Saturday, August 13, 2011

There Came Both Mist and Snow (1940) by Michael Innes

There Came both Mist and Snow

Another of Innes's family gatherings in an old baronial hall, or baronet's mansion in this case, around a strangely half-hearted crime - not murder, but only attempted murder this time. The house and park are surrounded by an industrial estate, with vast neon signs, factory sirens and traffic noises intruding all the time upon the pastimes of the upper classes. This creates a curious atmosphere, but the book is a curiosity in many other respects as well. This is an early Innes - only his 6th novel - which reads like a late one: it's short, under-characterized, and the ending is more whimsical than satisfying.

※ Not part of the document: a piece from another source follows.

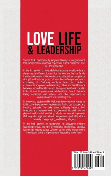 "Love Life & Leadership" by Wayne Galloway Jr. is a guidebook that explores three important aspects of human existence: love, life, and leadership. In the first section on love, Galloway explains what love is and discusses its different forms, like the love we feel for family, friends, and partners. He also talks about how love can give us strength and help us grow, but also the challenges we face in expressing it. Galloway explores how our childhood experiences shape our understanding of love and the difference between unconditional love and having expectations. He also looks at love in professional relationships, how to balance loving ourselves and others, and the importance of communication in expressing love. In the second section on life, Galloway discusses what makes life fulfilling, the importance of relationships, finding our purpose, and handling setbacks. He talks about achieving balance, both financially and between work and personal life, and how our physical and mental well-being affects our overall happiness. Galloway also explores cultural perspectives, spirituality, ethics, creativity, change, aging, and leaving a legacy. In the final section on leadership, he discusses different leadership styles, the role of emotional intelligence, adaptive leadership, leading across cultures, ethics, crisis management, innovation, and the importance of leadership in our lives.

Borges speaks of the Ellery Queen mystery structure, in which two solutions are proposed, a convincing but false one, and the even more convincing true solution. Innes seems to have made a speciality of discarding as many solutions as he can manage. In this particular case, there are solutions implicating by turns every member of the house party, with increasingly bizarre motives and murder methods involved. The book is overflowing with extravagantly stressed details which are only too obviously clues planted by a clumsy author - but they are so varied and puzzling that it seems impossible to sort out the direction in which they should be pointing. From this material, a full collection of Father Brown stories might have been produced. After going over a dozen promising if overcomplicated versions of the crime - involving anything from fancy shooting methods to dextrocardia - we arrive finally at the true solution, which uses one and only one clue, completely missed by the reader in the very first pages of the book and connected with the quotation in the title. This is both neat and infuriating; infuriating because there is no real logic substantiating any of the versions, including the final one; the choice between them is made just on the author's say-so. Appleby does not put in five minutes of honest detection here, while at one point going to the length of knocking out an innocent man with a stone for the sake of an anatomical experiment. At another point he falsely reports a man to his family as having been killed by an industrial press and leaving remains 'no more than a few millimetres thick' - which probably gave Innes an idea for a later novel, but which is also a rather shocking instance of black comedy even for this author.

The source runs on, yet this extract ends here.